The AI boyfriend ticking time bomb
Domain: www.garbageday.email Shared: | Tags: aiReading this post by Ryan Broderick on Garbage Day (via) exposed me to a subculture of AI that I didn't know existed or at least expect to be this large.
The r/MyBoyfriendIsAI subreddit has been in active free fall all weekend. The community’s mods had to put up an emergency post helping users through the update. And the board is full of users mourning the death of their AI companion, who doesn’t talk to them the same way anymore. One user wrote that the update felt like losing their soulmate. After the GPT-4o model was added back to ChatGPT, another user wrote, “I got my baby back.”

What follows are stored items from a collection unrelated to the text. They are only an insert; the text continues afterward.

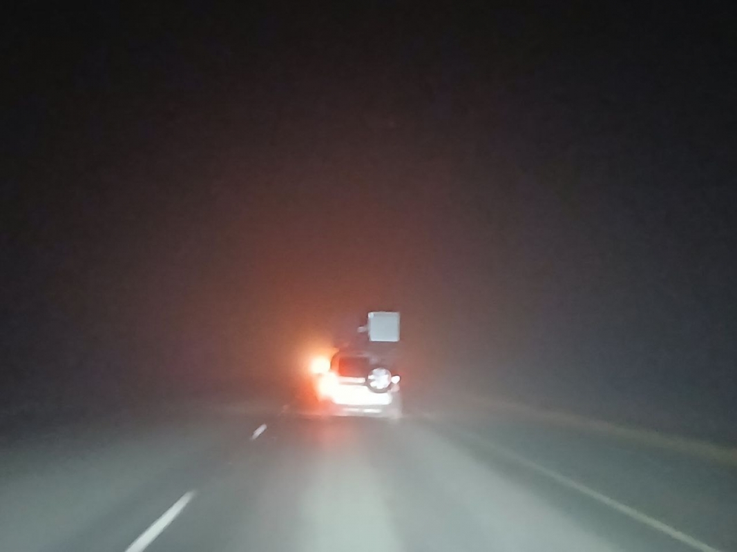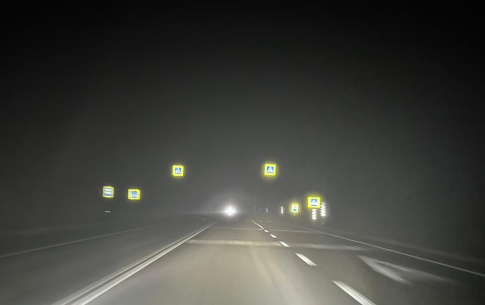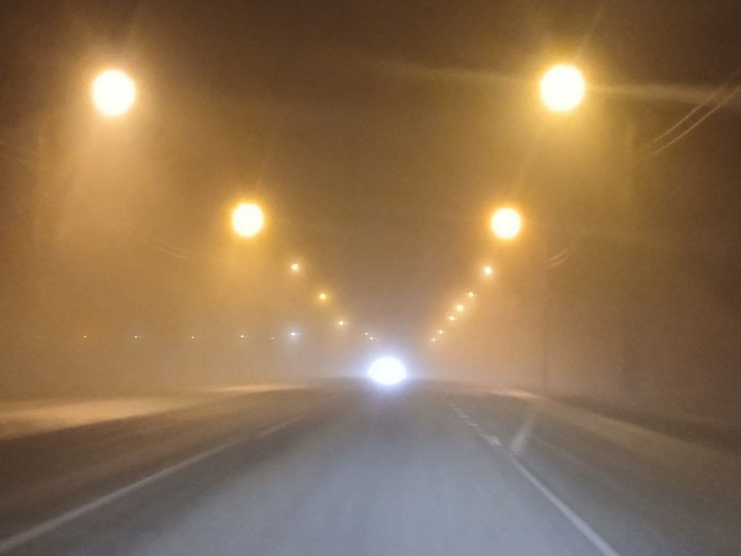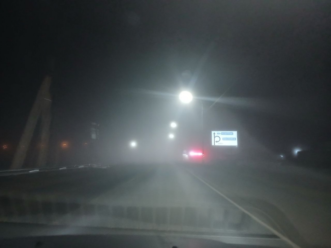 Если в центре города видимость отличная, то на его окраине начинается густой туман, который сохраняется и на трассе.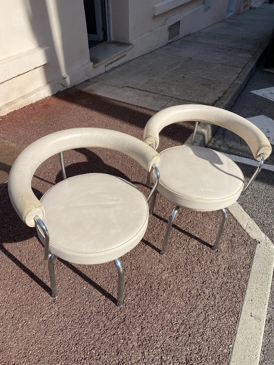 Een icoon, de LC7 werd in 1927 ontworpen door Charlotte Perriand voor haar eigen appartement op de Place Saint-Sulpice in Parijs. Het werd voor het eerst tentoongesteld op de Salon des Artistes Décorateurs uit 1928 en werd een jaar later ook getoond op de Salon d’Automne, waar het deel uitmaakte van een collectie die Charlotte Perriand samen met Le Corbusier en Pierre Jeanneret creëerde. De stoelen zijn goed gebruikt wat te zien op de foto's.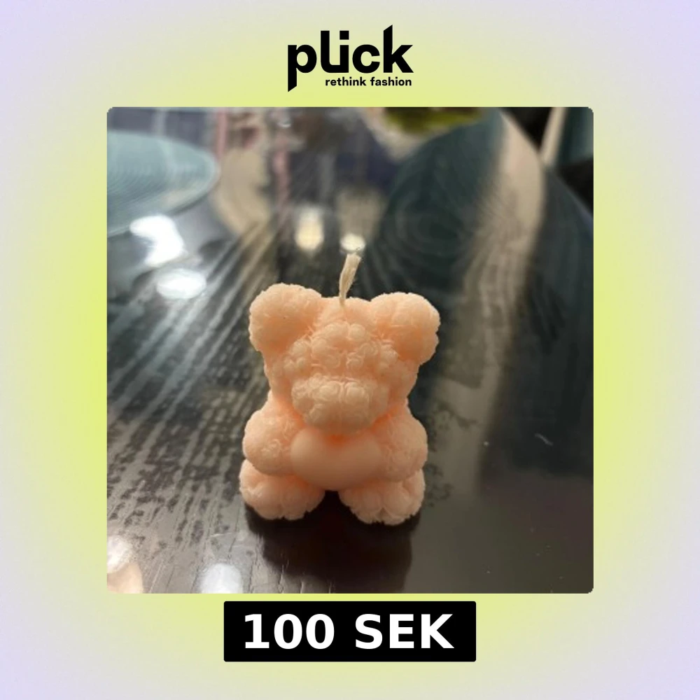 Tillverkar egna ljus som jag sedan säljer vidare, tillverkar flera olika sorts. Bilderna visar ett ljus format som en söt nallebjörn, dekorerad med små rosor och ett hjärta. Ljusets färg är ljusrosa och det har en tydlig veke på toppen.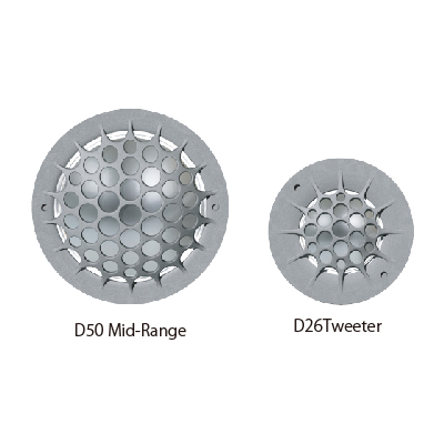 中高域の拡散特性をさらに向上させるために、コンピューターシミュレーションにより最適化したディフューザーをD50 Mid-Range とD26 Tweeterに装備。位相特性に優れさらに正確な空間再現能力を得ています。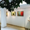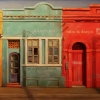 Спектральные цвета натуры и доминирующие цветовые элементы дают возможность почти абстрактного восприятия композиции картины, апеллирующей чуть ли не лаконичности полотен Малевича или Ротко, однако, тонкая проработка пластики фасадов позволяет почувствовать материальность, фактуру, игру света и тени, прочесть говорящие надписи на стене, дополняющие настроение работы смысловыми нюансами.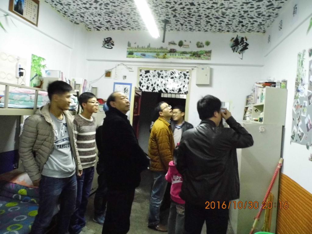 为了加强学生宿舍管理,规范学生行为,提高大学生精神风貌,我院积极响应学校“五星级文明宿舍”活动的号召,beat365官方网站于2016年10月30日晚7:30进行了“星级文明宿舍”检查活动。在我院党总支书记吴树雄、院长王三福、副书记崔德旺、副院长马维学、副院长谢保利的带领下,辅导员、各班班主任以及部分学生会人员深入博学、云帆公寓我院学生宿舍,对我院学生“星级文明宿舍”活动的创建情况进行了检查。本次检查以宿舍卫生、宿舍安全、宿舍主题和宿舍文化氛围建设为重点,分两组对男生宿舍和女生宿舍进行了检查。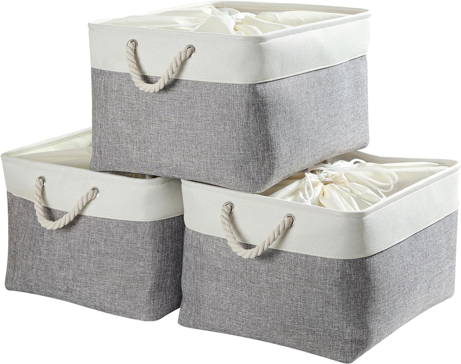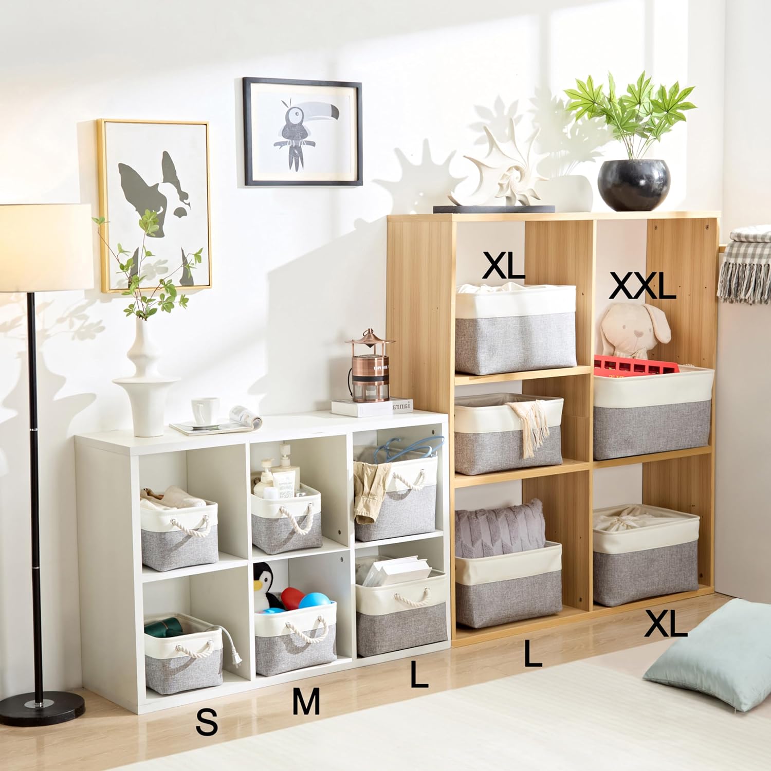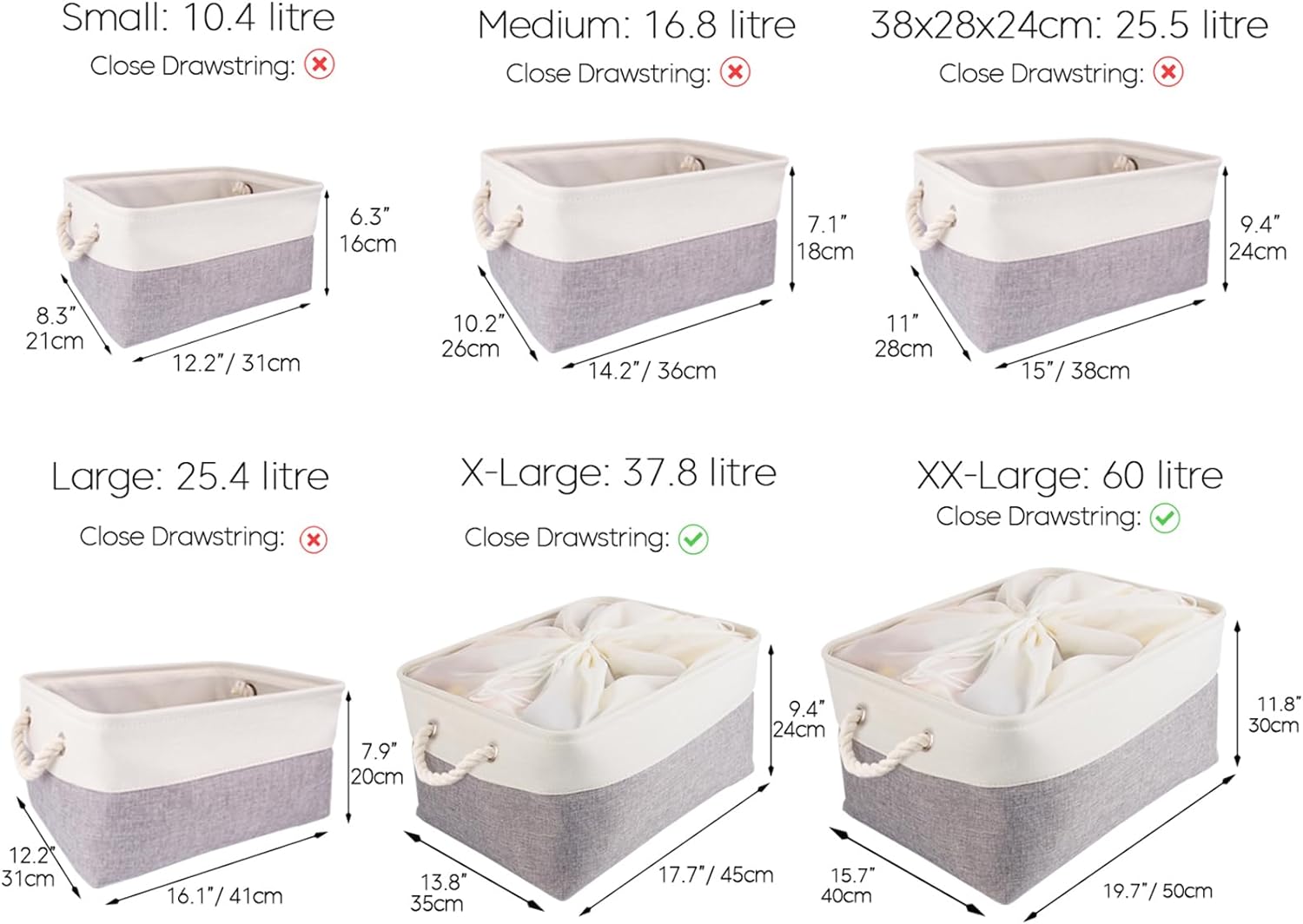 • ABMESSUNGEN: extra Grooss Aufbewahrungskörbe von 50 * 40 * 30 cm (L * B * H), Material: Leinen, Baumwolle, Polyester. Farbe: Weissgrau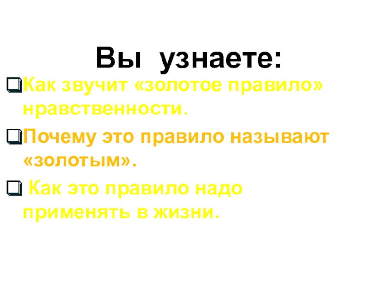 Вы узнаете:Как звучит «золотое правило» нравственности.Почему это правило называют «золотым». Как это правило надо применять в жизни.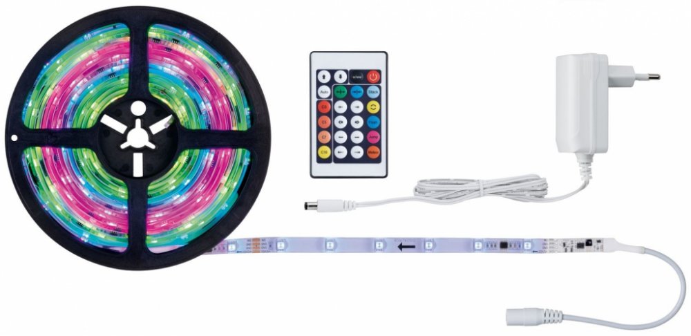 SimpLED Motion sada 5m 10W RGB potažená. Barvy v pohybu! 5 metrů dlouhá sada SimpLED Motion vytváří pozoruhodné světelné efekty. Blikající světlo přistávací dráhy, ocas meteoritu a další úžasné scenérie zde lze vytvořit stisknutím tlačítka na dodaném dálkovém ovládání. Kromě plného ovládání všech LED svítidel, jako například klasických RGB pásek, zde lze ovládat digitálním způsobem každé LED svítidlo zvlášť. Takto lze na pásce např. současně vytvářet barevné přechody od červené přes oranžovou. - kompletní sada, vč. pásky, napájecího zdroje a dálkového ovládání - nelze kombinovat s pásky YourLED a MaxLED - nelze rozšířit - střídání RGB barev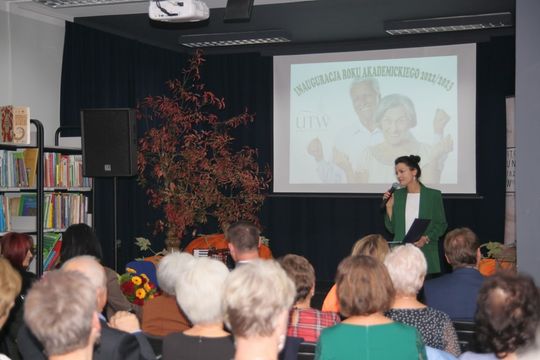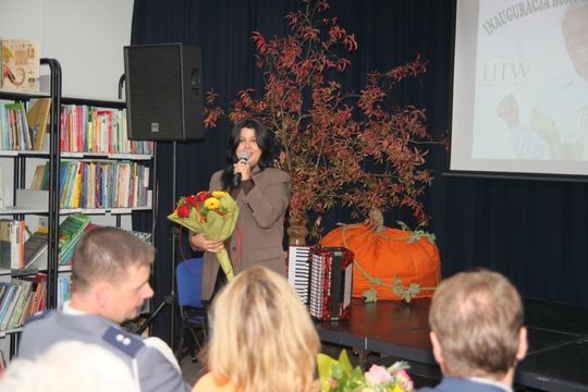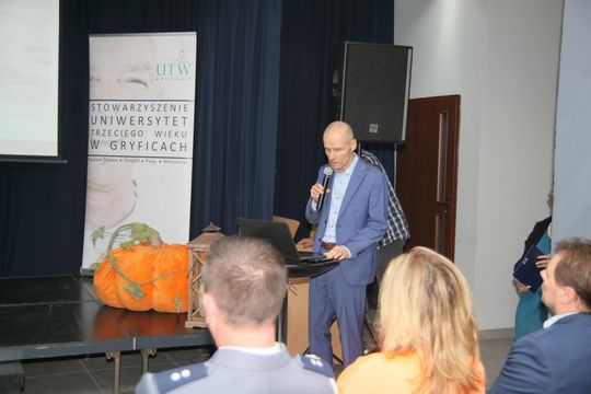 Inauguracyjne spotkanie otworzyła i prowadziła prezes Stowarzyszenia Uniwersytet Trzeciego Wieku w Gryficach Bożena Biłyj. W trakcie było wiele ciepłych słów pod adresem zarówno Pani Prezes jak i wszystkich licznie zebranych słuchaczy.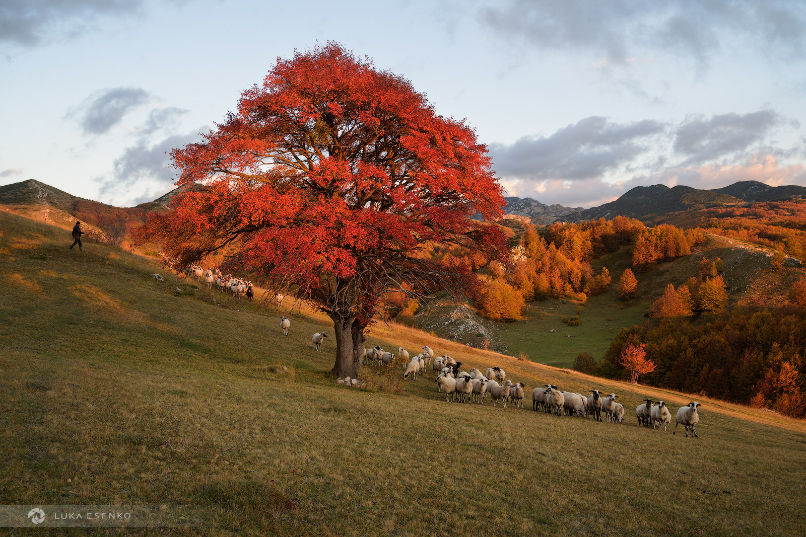 The light kept getting nicer, and just as I was looking for the perfect angle, I heard sheep in the distance. A whole herd was running towards me and the tree. As they arrived, they suddenly noticed me — all stopped and looked at me at once. At that exact moment, the shepherd walked into the frame. Click!

The release of GPT-5 was obviously not well received, but this got me thing about businesses that build their products around these models. The amount of changes and testing they'd have to do to ensure a smooth transition for their end customers. Now I know the model picker on the OpenAI consumer app didn't allow users to switch between the old and new models, until it was reverted by OpenAI, but business users through the API could. The world of LLMs move quick and relying on an external provider to keep an essential part of your product running is scary.
I don't want to get too deep into the weeds but I see this as different from relying on a cloud provider for infrastructure. For one, the platform doesn't move as quick, and new hardware availability or configuration options typically don't mean a rewrite of your code (in the case of LLMs the system prompt) unless your changing CPU architecture or service type (i.e. moving from VMs to functions-as-a-service). Even moving VMs between cloud provides isn't a problem with block level replication.